This is a summary of the second half of an online video seminar entitled “Assessment and Highly Effective Intervention in Light of Advances in Understanding Word-Level Reading” (the first half I recently summarised here), which I hope encourages you to watch the whole thing.
It’s by Dr David Kilpatrick, was recorded at the 2017 Reading in the Rockies conference, and is on the Colorado Dept of Education website. Thanks so much to all those involved in putting this great information in the public domain.
The talk’s summary and conclusions are a good place to start:
- We have not been working from a scientifically-established understanding about how words are learned.
- Our intervention approaches have been around for decades, but are not informed by word-learning research.
- The “culprit” in poor word-level reading is phonology.
- Skilled readers have letter-sound proficiency and phonemic proficiency, weak readers do not.
- Interventions that address these skill deficits have the best results, by far.
The better we understand the word-learning research, the better-equipped we’ll be to ensure all kids successfully learn to read. So here’s the video, and I’ll summarise what I see as key points below. Bracketed numbers are times on the video clock each point is discussed, to help you go back later and listen to the bits that interest you most, or play a section to someone else.

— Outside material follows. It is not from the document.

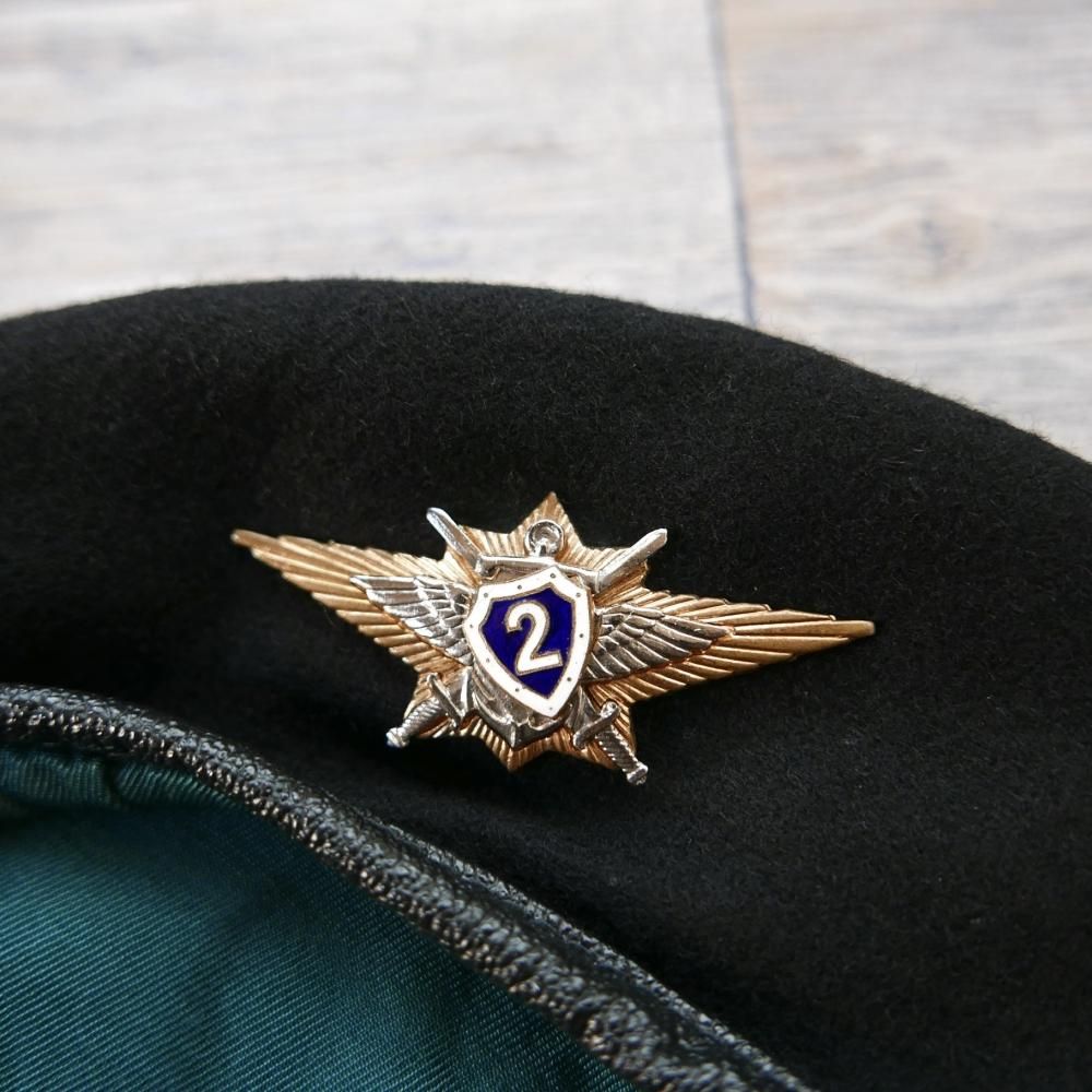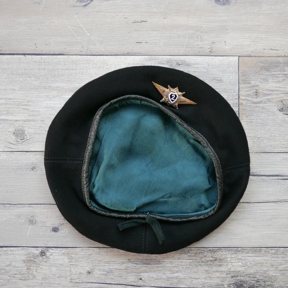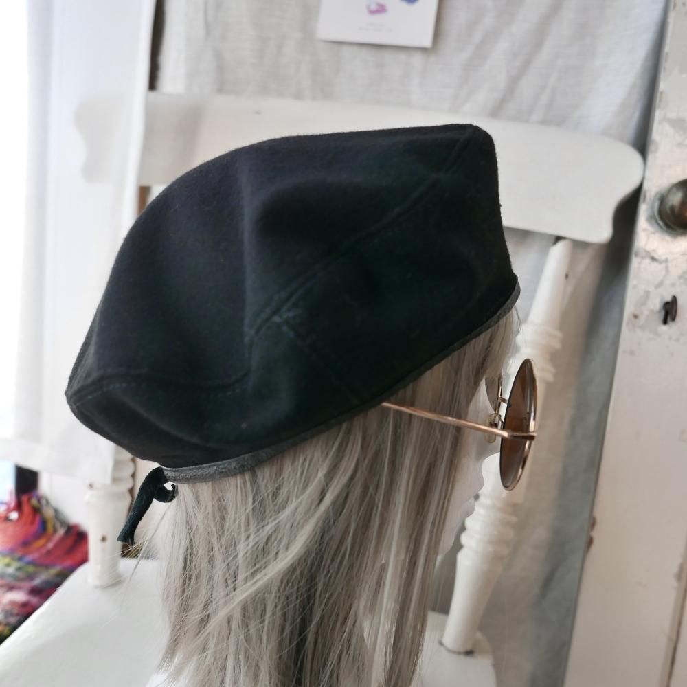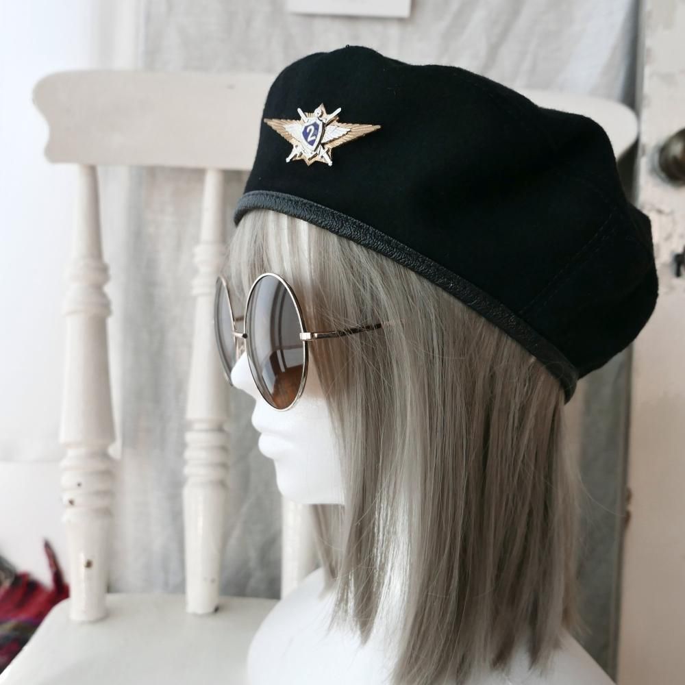 ミリタリーデザインのバッジがフロントに付けられたベレー。黒のウール生地。

Does your school have a formal phonemic awareness program for all young children?
Do you work in a school with a formal phonological awareness program for five and six-year-olds?

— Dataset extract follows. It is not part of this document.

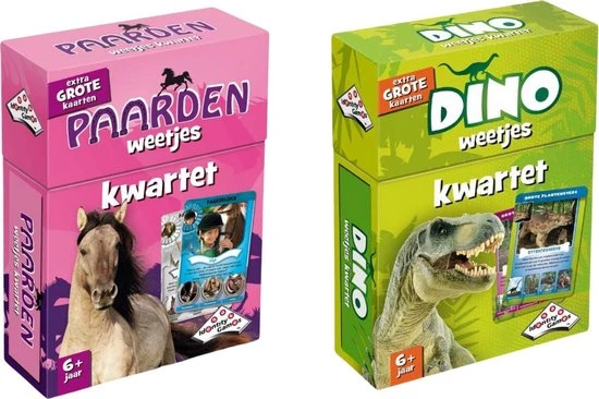 Dino Weetjes Kwartet Kwartetten, een oer-Hollands kaartspel waarin steeds 4 kaarten bij elkaar gespaard worden. Kwartet! Nu over dino’s, afgebeeld op extra grote kaarten. Op deze kaarten staan foto’s en ook nog eens interessante weetjes! Inclusief een superkwartet van 5 kaarten.

Few schools in the US have these, but a Tier 1 phonological awareness programs is a key part of the Response To Intervention (RTI) approach recommended by the National Reading Panel.
If a school doesn’t have such a program, it’s not really doing RTI.
(6.20) Young children can be taught to say individual phonemes, because it’s a concrete task. However, many adults teach consonant phonemes incorrectly, by adding a little “schwa” vowel to them, and this interferes with blending.
Stop sounds (p, b, t, d, k, g) are the hardest because they don’t really have much of a sound themselves, they gain their reality from the position your mouth is in when these sounds interrupt vowels.
Letter names or sounds first?
(11:50) The research on this question is evenly split, so it’s not possible to say which should come first. The sounds map onto the pronunciation of words. The names are useful in instruction.
As well as teaching sounds that relate to each individual letter, we should teach digraphs (two letters, one sound) as a continuation of the alphabet, particularly the ones that represent sounds different from those usually represented by one of their component letters (e.g. ch, sh, th, ph), because they function like separate letters.
Digraphs should not be confused with blends, where you do hear the individual sounds.
Multisensory learning is good for letters, but not words
(15:10) Working in a multi-sensory way is great for paired associate learning, where you’re teaching arbitrary things like sound-letter relationships. This kind of learning is difficult, and easily forgotten if it’s not constantly reinforced, so drawing letters in sand or shaving cream or whatever while saying the sounds/names can help to cement these links in.
(17:41) Distributed practice (spread through the day) helps kids remember sound-letter relationships better than just practising once a day. Flashcards and random pointing to letter charts or friezes can be great for this too, if used well.
We do not need multisensory learning for words, because we learn words via orthographic memory. Multisensory learning of words is not efficient or evidence-based.
Embedded picture mnemonics
(18:40) About a dozen studies over three decades consistently show that putting a picture with a letter (e.g. an apple with the letter “a”) doesn’t really help kids learn sound-letter relationships.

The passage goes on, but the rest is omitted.